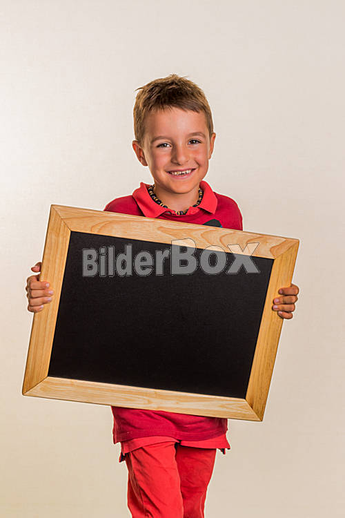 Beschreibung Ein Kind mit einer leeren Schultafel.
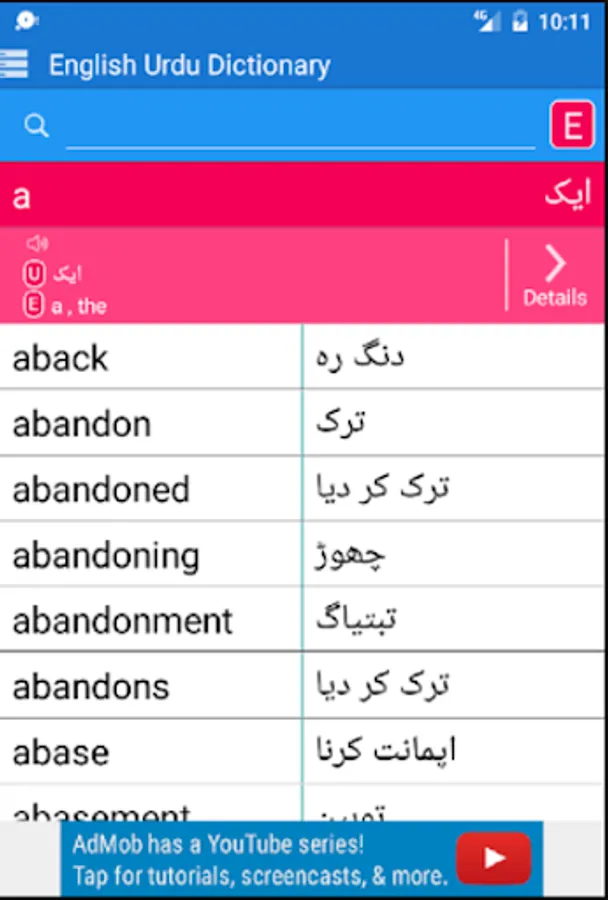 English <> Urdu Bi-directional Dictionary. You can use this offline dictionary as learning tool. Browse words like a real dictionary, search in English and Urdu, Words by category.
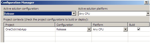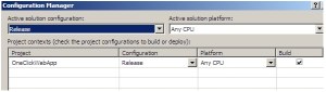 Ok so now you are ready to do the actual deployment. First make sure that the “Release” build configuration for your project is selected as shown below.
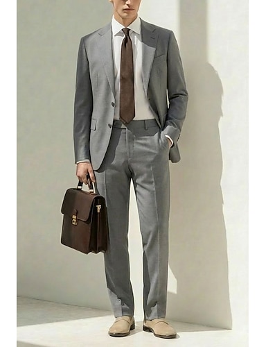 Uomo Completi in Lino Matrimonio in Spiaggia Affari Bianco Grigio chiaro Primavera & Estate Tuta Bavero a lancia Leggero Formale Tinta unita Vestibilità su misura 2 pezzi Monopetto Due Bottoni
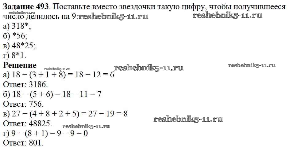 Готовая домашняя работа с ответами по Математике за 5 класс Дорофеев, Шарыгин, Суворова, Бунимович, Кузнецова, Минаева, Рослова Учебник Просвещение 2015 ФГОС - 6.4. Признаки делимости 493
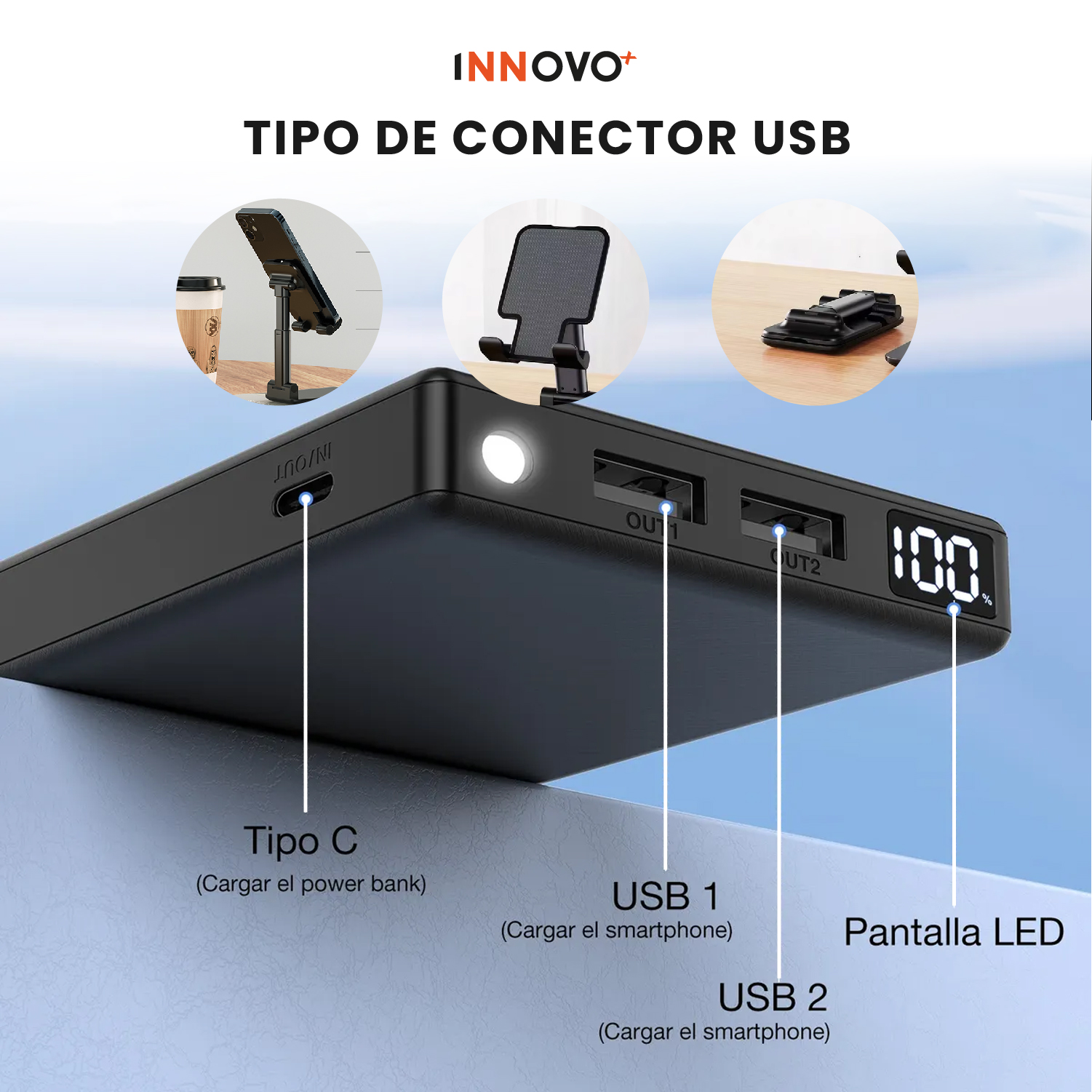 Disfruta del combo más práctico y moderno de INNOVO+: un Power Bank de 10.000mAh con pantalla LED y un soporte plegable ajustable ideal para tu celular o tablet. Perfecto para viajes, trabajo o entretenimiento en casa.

Work order: Retype each line of the records exactly as it reads; no pictures belong in the copy.

Solution for this task:
 Beschreibung Ein Kind mit einer leeren Schultafel.
 English <> Urdu Bi-directional Dictionary. You can use this offline dictionary as learning tool. Browse words like a real dictionary, search in English and Urdu, Words by category.
 Ok so now you are ready to do the actual deployment. First make sure that the “Release” build configuration for your project is selected as shown below.
 Uomo Completi in Lino Matrimonio in Spiaggia Affari Bianco Grigio chiaro Primavera & Estate Tuta Bavero a lancia Leggero Formale Tinta unita Vestibilità su misura 2 pezzi Monopetto Due Bottoni
 Готовая домашняя работа с ответами по Математике за 5 класс Дорофеев, Шарыгин, Суворова, Бунимович, Кузнецова, Минаева, Рослова Учебник Просвещение 2015 ФГОС - 6.4. Признаки делимости 493
 Disfruta del combo más práctico y moderno de INNOVO+: un Power Bank de 10.000mAh con pantalla LED y un soporte plegable ajustable ideal para tu celular o tablet. Perfecto para viajes, trabajo o entretenimiento en casa.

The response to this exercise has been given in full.